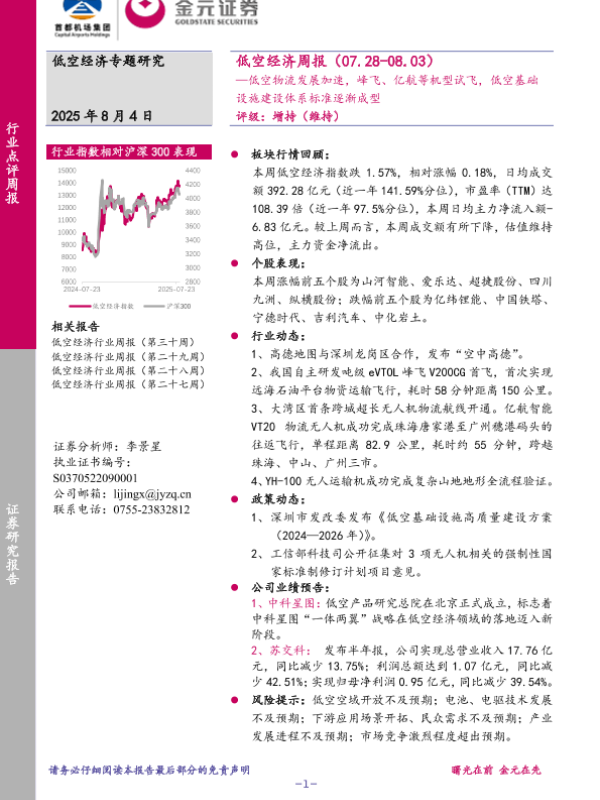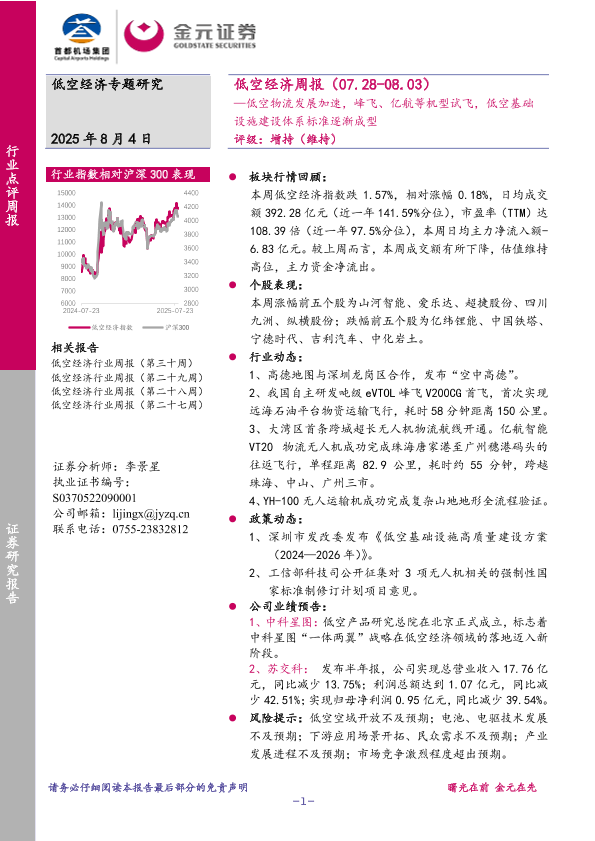 【金元证券】【20250804】低空经济行业周报:—低空物流发展加速,峰飞、亿航等机型试飞,低空基础设施建设体系标准逐渐成型-12页
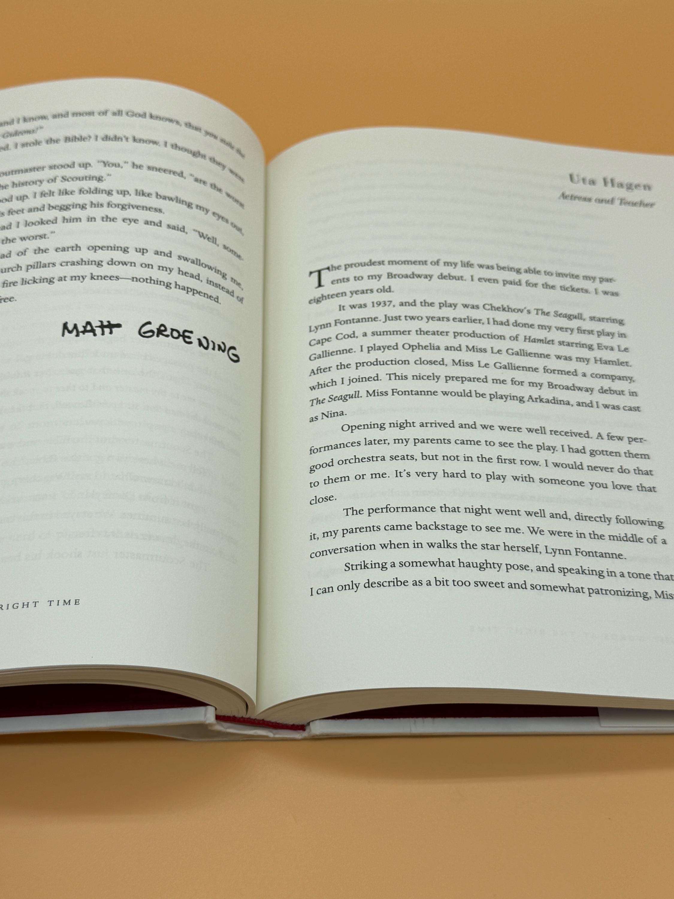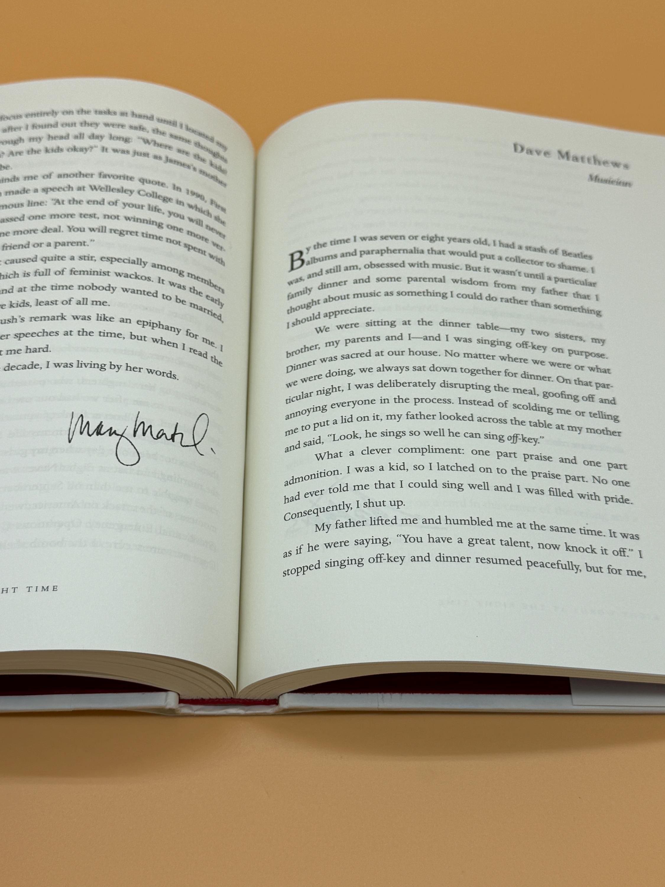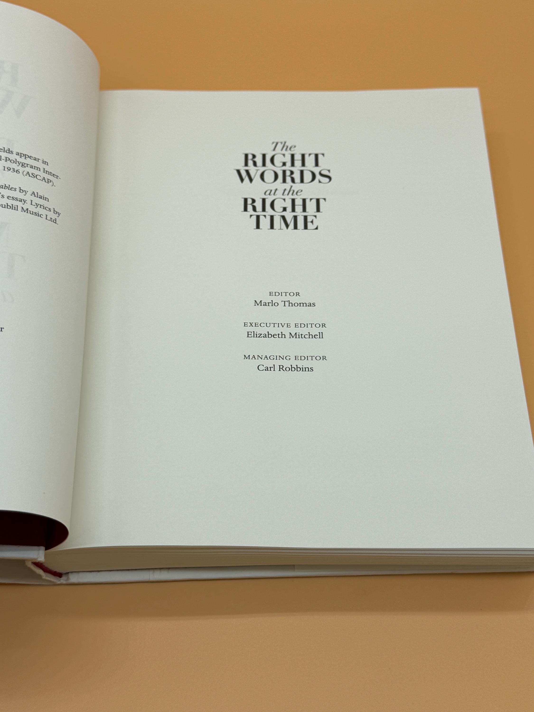 The Right Words at The Right Time by Marlow Thomas and Friends is an inspirational journey with first-person accounts of challenged and victories by famous people such as Muhammad Ali, Tom Wolfe, Katie Couric, Billy Crystal, Steven Spielberg, Mel Brooks, Laura Bush and more. The stories encompass life's struggles and adventures and demonstrate how people we admire found inspiration and hope through words from family and friends, movies and plays, music or jokes and continued onward.
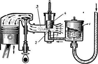 На рис. 65 дана схема простейшего карбюратора, патрубок которого соединяется с впускным патрубком цилиндра.
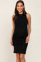 A solid fitted midi dress in a ribbed material with side ruching on both sides.
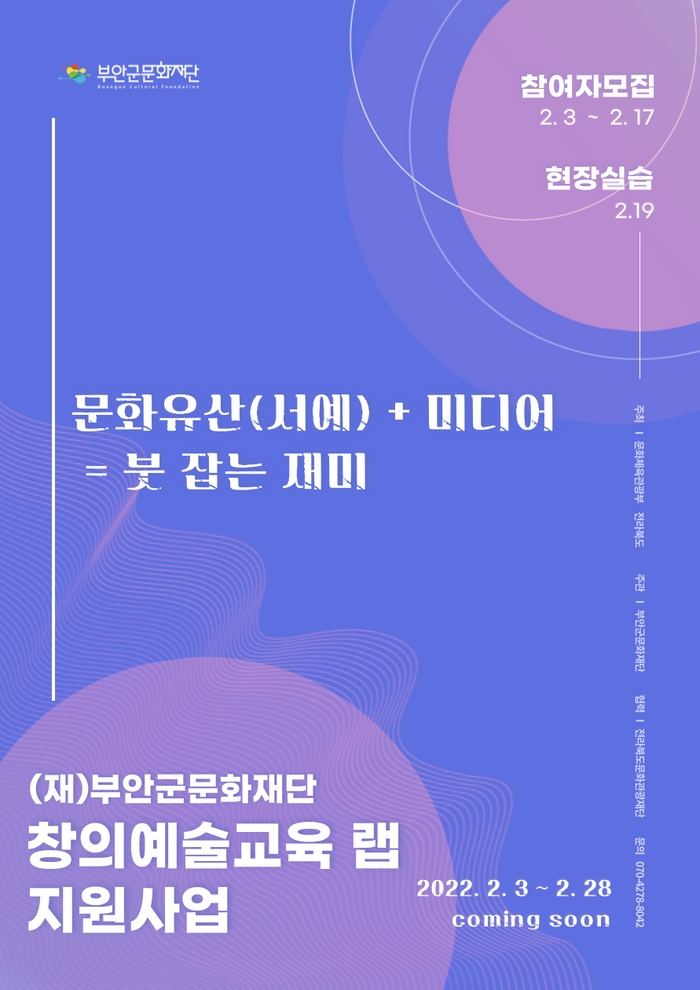 이번 사업은 지난해 전북문화관광재단이 문화체육관광부에서 시행하는 ‘창의예술교육 랩’지원사업 주관기관으로 선정되어 연구개발을 진행한 프로그램의 일환이다. 재단은 ‘문화유산인 서예와 미디어’가 결합된 연구결과보고서를 토대로 부안의 서예와 관련된 역사문화 콘텐츠를 소재로 서예의 역사성과 가치를 담아 진행될 예정이다.
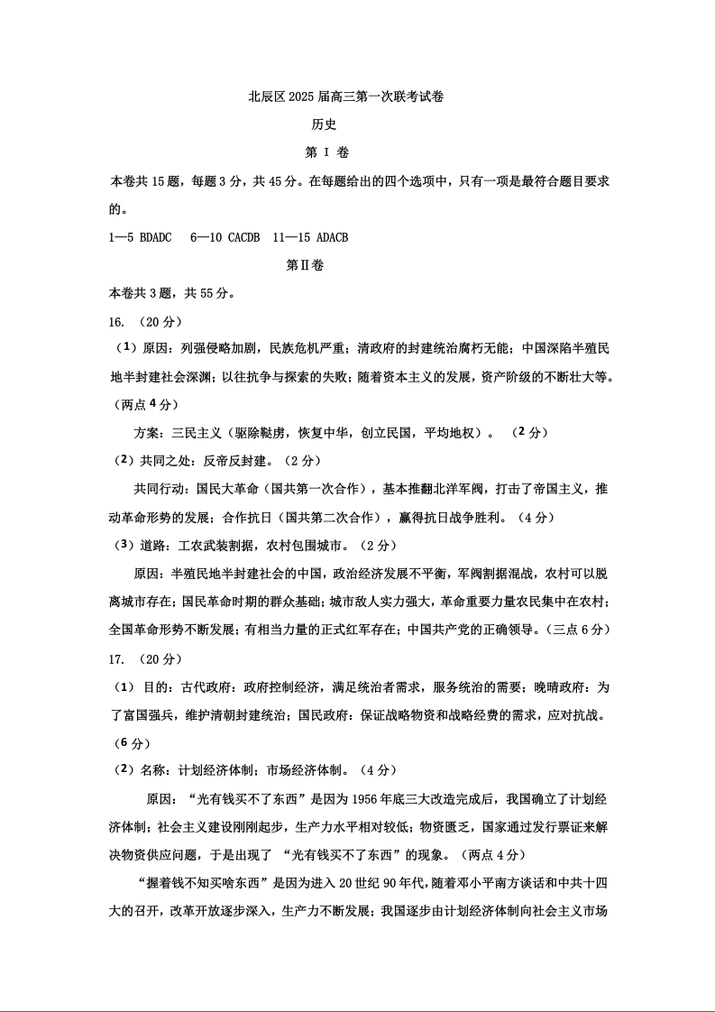 天津市北辰区2024-2025学年高三上学期期中考试 历史答案
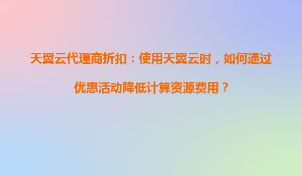 2025-08-20天翼云代理商折扣:优化计算资源成本的实用指南 一、天翼云的核心优势助力成本优化 作为中国电信旗下的云计算品牌,天翼云凭借央企背景和强大的基础设施资源,为用户提供高性价比的计算服务。其全国覆...
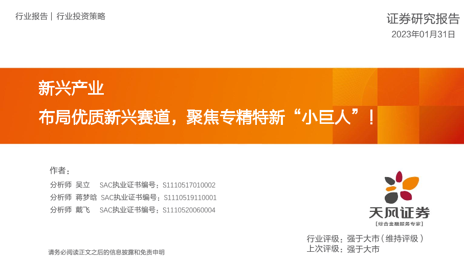 【天风证券】【20230131】新兴产业:布局优质新兴赛道,聚焦专精特新“小巨人”-65页
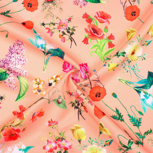 Peach And Green Floral Pattern Digital Print Ultra Premium Butter Crepe Fabric Peach And Green Floral Pattern Digital Print Ultra Premium Butter Crepe Fabric
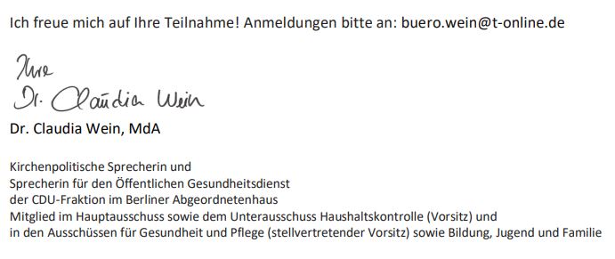gemeinsam mit Frau Annette Grätz, Sozialbeauftragte der Frauen Union Charlottenburg-Wilmersdorf, laden wir herzlich ein zum Thema „Gute Pflege braucht gute Politik“
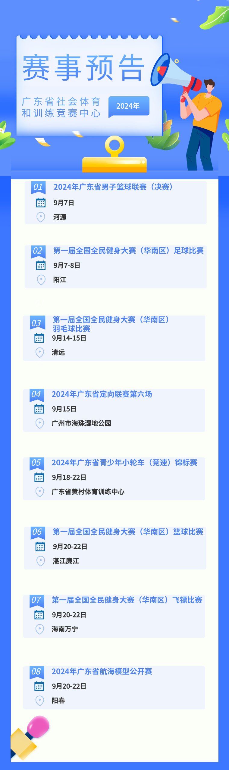 粤赛连连看,精彩不停歇:首届全国全民健身大赛(华南区)健身气功比赛在海口落幕;300多名“小醒狮”齐聚狮王故里,开擂争霸,燃爆夏日激情;2024年全国无线电测向锦标赛开赛,广东健儿勇创佳绩;南粤古驿道定向大赛再度跑进香港,体育搭台奏响粤港澳大湾区建设强音……8月底,广东健儿在多项全国赛事、省内赛事上取得佳绩,用汗水和努力为夏天留下一段关于体育的美好回忆。
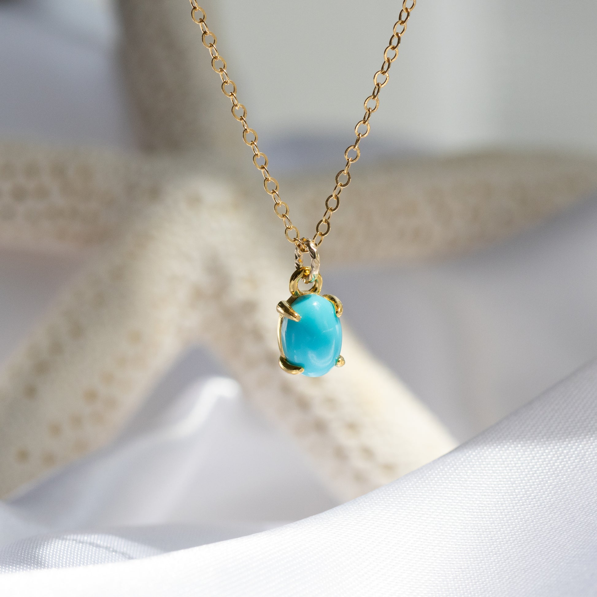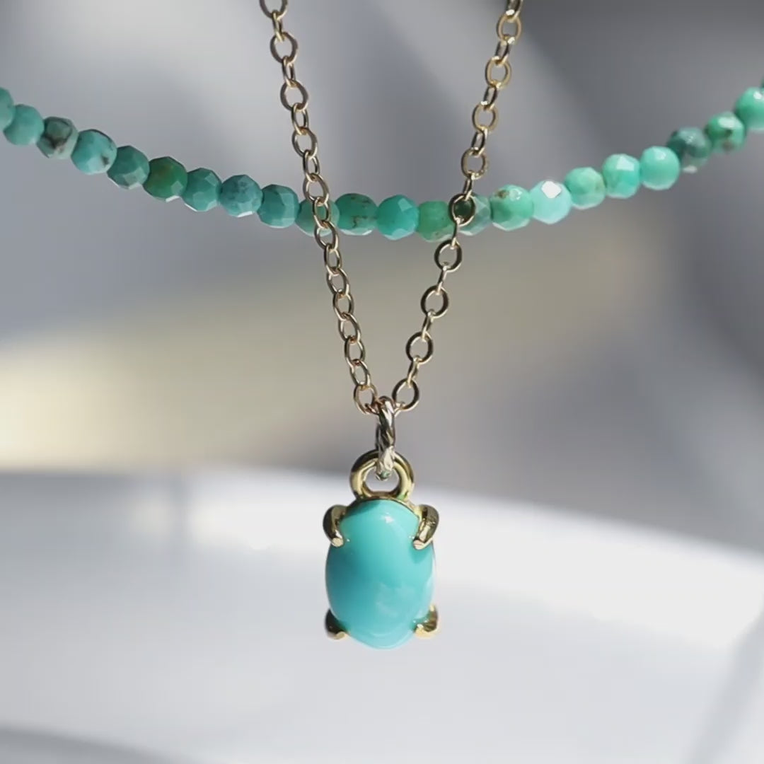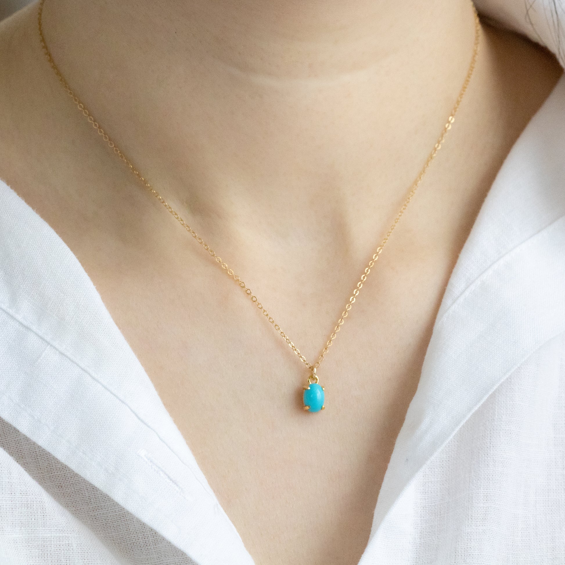 チェーンには上質な14kgf(ゴールドフィルド)を使用し、ターコイズの瑞々しさをより引き立てます。
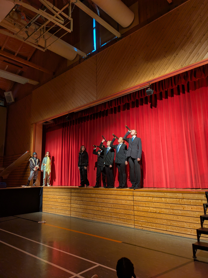 Dass die Musicalaufführung überhaupt so ein großartiges Projekt werden konnte bedarf der Zusammenarbeit vieler Helfer. So wurden teils im Kunstunterricht Requisiten und Bühnenbilder gebastelt, es gab Bastelaktionen in Ferien, bei denen Eltern, Schülerinnen und Kolleginnen teilgenommen haben, andere Kollegen haben das Flugzeug gebastelt und die Licht- und Ton-AG unter der Leitung von Julian Pfau hat die ganze Woche vor und während der Aufführung die Technik bedient.
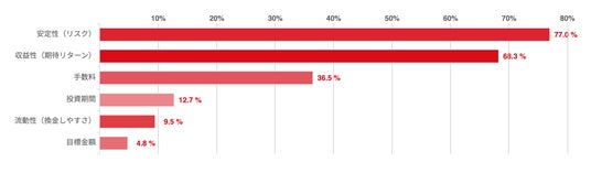 「手数料(37.2%)」や「投資期間(12.4%)」を重視すると回答した20代もいたが、安定性や期待リターンと比較すると優先度は落ちる傾向にある。

--- --- ---

#### [Exercise aim]
Write the listing out again in full and unchanged, minus any pictures.

#### [Exercise result]
 【金元证券】【20250804】低空经济行业周报:—低空物流发展加速,峰飞、亿航等机型试飞,低空基础设施建设体系标准逐渐成型-12页
 The Right Words at The Right Time by Marlow Thomas and Friends is an inspirational journey with first-person accounts of challenged and victories by famous people such as Muhammad Ali, Tom Wolfe, Katie Couric, Billy Crystal, Steven Spielberg, Mel Brooks, Laura Bush and more. The stories encompass life's struggles and adventures and demonstrate how people we admire found inspiration and hope through words from family and friends, movies and plays, music or jokes and continued onward.
 На рис. 65 дана схема простейшего карбюратора, патрубок которого соединяется с впускным патрубком цилиндра.
 A solid fitted midi dress in a ribbed material with side ruching on both sides.
 이번 사업은 지난해 전북문화관광재단이 문화체육관광부에서 시행하는 ‘창의예술교육 랩’지원사업 주관기관으로 선정되어 연구개발을 진행한 프로그램의 일환이다. 재단은 ‘문화유산인 서예와 미디어’가 결합된 연구결과보고서를 토대로 부안의 서예와 관련된 역사문화 콘텐츠를 소재로 서예의 역사성과 가치를 담아 진행될 예정이다.
 天津市北辰区2024-2025学年高三上学期期中考试 历史答案
 2025-08-20天翼云代理商折扣:优化计算资源成本的实用指南 一、天翼云的核心优势助力成本优化 作为中国电信旗下的云计算品牌,天翼云凭借央企背景和强大的基础设施资源,为用户提供高性价比的计算服务。其全国覆...
 【天风证券】【20230131】新兴产业:布局优质新兴赛道,聚焦专精特新“小巨人”-65页
 Peach And Green Floral Pattern Digital Print Ultra Premium Butter Crepe Fabric Peach And Green Floral Pattern Digital Print Ultra Premium Butter Crepe Fabric
gemeinsam mit Frau Annette Grätz, Sozialbeauftragte der Frauen Union Charlottenburg-Wilmersdorf, laden wir herzlich ein zum Thema „Gute Pflege braucht gute Politik“
 粤赛连连看,精彩不停歇:首届全国全民健身大赛(华南区)健身气功比赛在海口落幕;300多名“小醒狮”齐聚狮王故里,开擂争霸,燃爆夏日激情;2024年全国无线电测向锦标赛开赛,广东健儿勇创佳绩;南粤古驿道定向大赛再度跑进香港,体育搭台奏响粤港澳大湾区建设强音……8月底,广东健儿在多项全国赛事、省内赛事上取得佳绩,用汗水和努力为夏天留下一段关于体育的美好回忆。
 チェーンには上質な14kgf(ゴールドフィルド)を使用し、ターコイズの瑞々しさをより引き立てます。
 Dass die Musicalaufführung überhaupt so ein großartiges Projekt werden konnte bedarf der Zusammenarbeit vieler Helfer. So wurden teils im Kunstunterricht Requisiten und Bühnenbilder gebastelt, es gab Bastelaktionen in Ferien, bei denen Eltern, Schülerinnen und Kolleginnen teilgenommen haben, andere Kollegen haben das Flugzeug gebastelt und die Licht- und Ton-AG unter der Leitung von Julian Pfau hat die ganze Woche vor und während der Aufführung die Technik bedient.
 「手数料(37.2%)」や「投資期間(12.4%)」を重視すると回答した20代もいたが、安定性や期待リターンと比較すると優先度は落ちる傾向にある。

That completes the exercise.